Вообще, только анекдоты и рассказывали на этих поминках. Бедный Святловский – один так сражен этой смертью, что уехал отдыхать.
24 [20] июня. Был с Машей в Гельсингфорсе – и с Колей. Выехали 19-го. Коля: «Какие коровки маленькие, – и овечки. Вот такие». «Я все смотрю в канавки, может быть, увижу головастиков». И заклинает, чтобы скорее приехать: Гельсингфорс, Гельсингфорс, Гельсингфорс. Потом мы были на кладбище. Море – и великолепные памятники. То дождь, то солнце. Коля заметил в железном веночке – совсем низко гнездо птенчиков. Потом случилось событие. Колю переехал извозчик – он соскочил с трамвая, и мы с Машей недоглядели за ним. Маша кричала, Коля кричал, изо рта у него кровь – сбежались люди – herurgissa – неизвестно, куда везет нас извозчик – евреи заговорили по-русски – в зале много калош. Доктор молодой, никаких слов утешения, – «разденьте его» – «оденьте его» – ждал, когда я его спрошу: «is it broken?»[126] – нет, холодную воду. – М. теплыми, плачущими губами единственный поцелуй. Коля спит. М., красная, лежит на кушетке. – Сочувствие бюстной чухонской fr?ken: ми, шетири дами, на автомобиле. – Сошел вниз: ел omlette, у меня желтая сорочка и грязный воротничок. Потом чудо. Коля встал и пошел обеими.
М.: «положительно увидала Бога, когда это случилось. Я готова была у всех проходящих целовать ноги».
20. Были на «Зверином острове». В ресторанчике – коза, памятник. Ели простоквашу. Коля дернул маму за нос. Олень, тюлень, который делал восьмерки. Павлин. Как Коля бегал безумно по острову. Он мечтает о необитаемом острове, о нескольких необитаемых островах. На одном мы сами поселимся, а все остальные «обитаем». Когда ему примерили костюм, он сказал:
Я Шендер-Мендер,
Важный господин.
Обедали в Fennia. Это самый счастливый мой день.
21. М. говорит Коле: жаль, что тебя не резал хирург, узнал бы ты, что такое настоящая боль. Его умывают, он плачет. Остров Folesen.
Уезжаем в 3-м классе. Мальчик ест банан: держит в обеих руках по куску в обоих кулачках. Откусит от правого, откусит от левого. Коля в восторге. – Маша хочет снять дачу на каждой станции, мимо которых мы проезжаем. Финские фрекен, похожие на герцогинь, и финские студентки, похожие на горничных. Играли в нолики и крестики. У нас Маруся.

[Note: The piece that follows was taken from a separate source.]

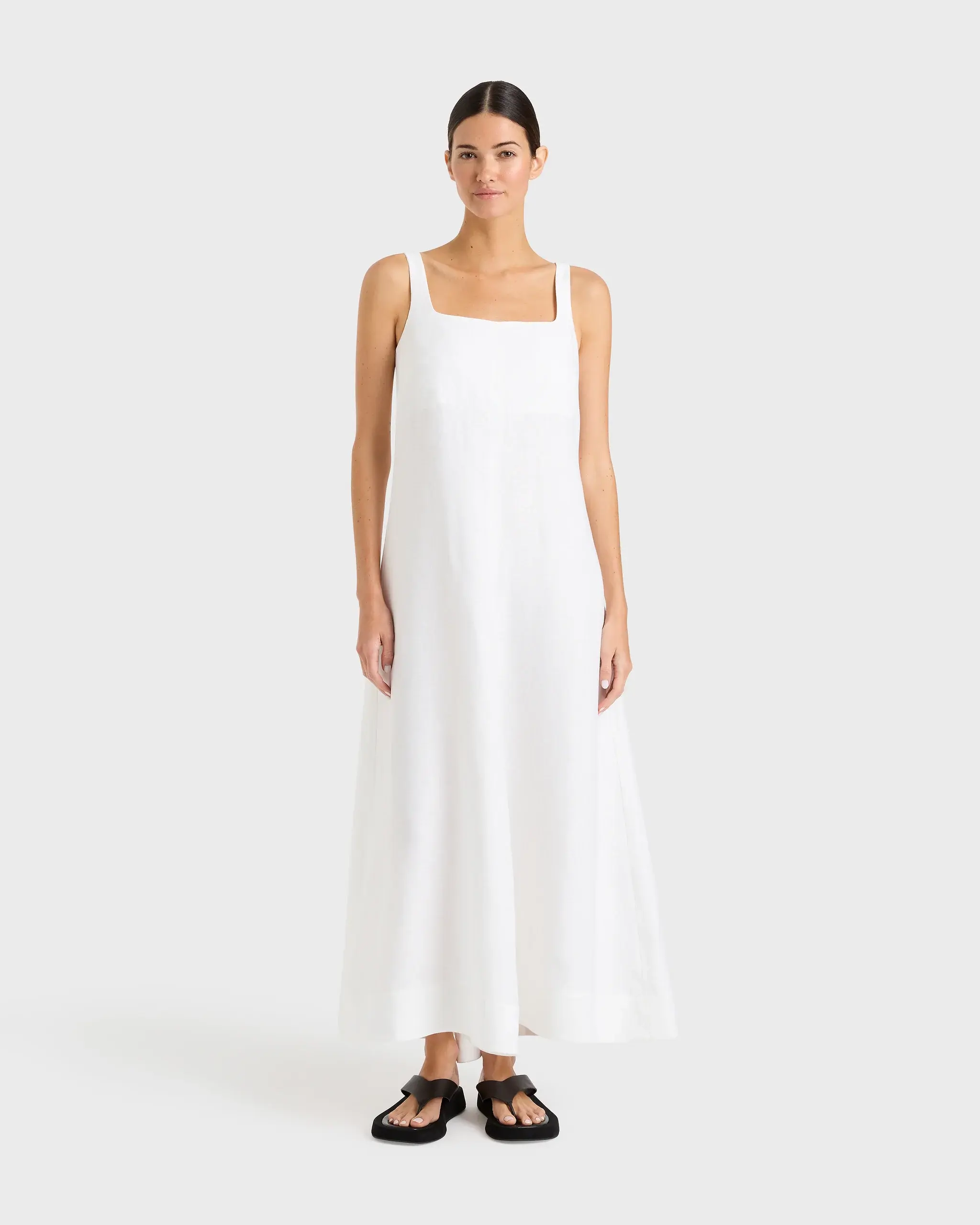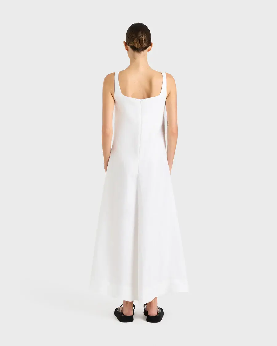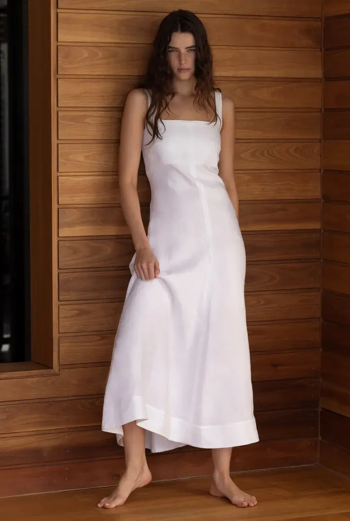 The Delphi flared Maxi Dress in white is cut from a luxury 100% organic linen that has been milled by a Masters or Linen. This classic, minimal dress has a contemporary square neckline. The mid-weight structured linen provides volume that flares to the ankles. Never going out of style, this dress is perfect for elevated day dressing and events.

23. Целый день пускал змея, т. к. негде заниматься.
24. Пишу программу детского журнала*. Дело идет очень вяло. Хочется махнуть рукой!
Среда 13 июля[127]. Все еще пишу программу детского журнала. Ужас. Был у Репина. Там некто Печаткин прочитал неостроумный рассказ, где все слова начинались на з. «Знакомый закупил землю. Знакомого запоздравили». И. Е. говорил:
– Браво, браво!
Потом он же рассказал армянский и еврейский анекдот, как армянин и еврей рассказывали басню о «лисеночке и m-me вороне». Потом одна седая, с короткими ногами, декламировала о каком-то кинжале. И. Е. говорил:
– Браво, браво.
Потом фотограф Глыбовский позорно прочитал о какой-то вакханке. Репин:
– Браво, браво!
Ужасное, однако, общество у Репина. Эстетика телеграфистов и юнкеров.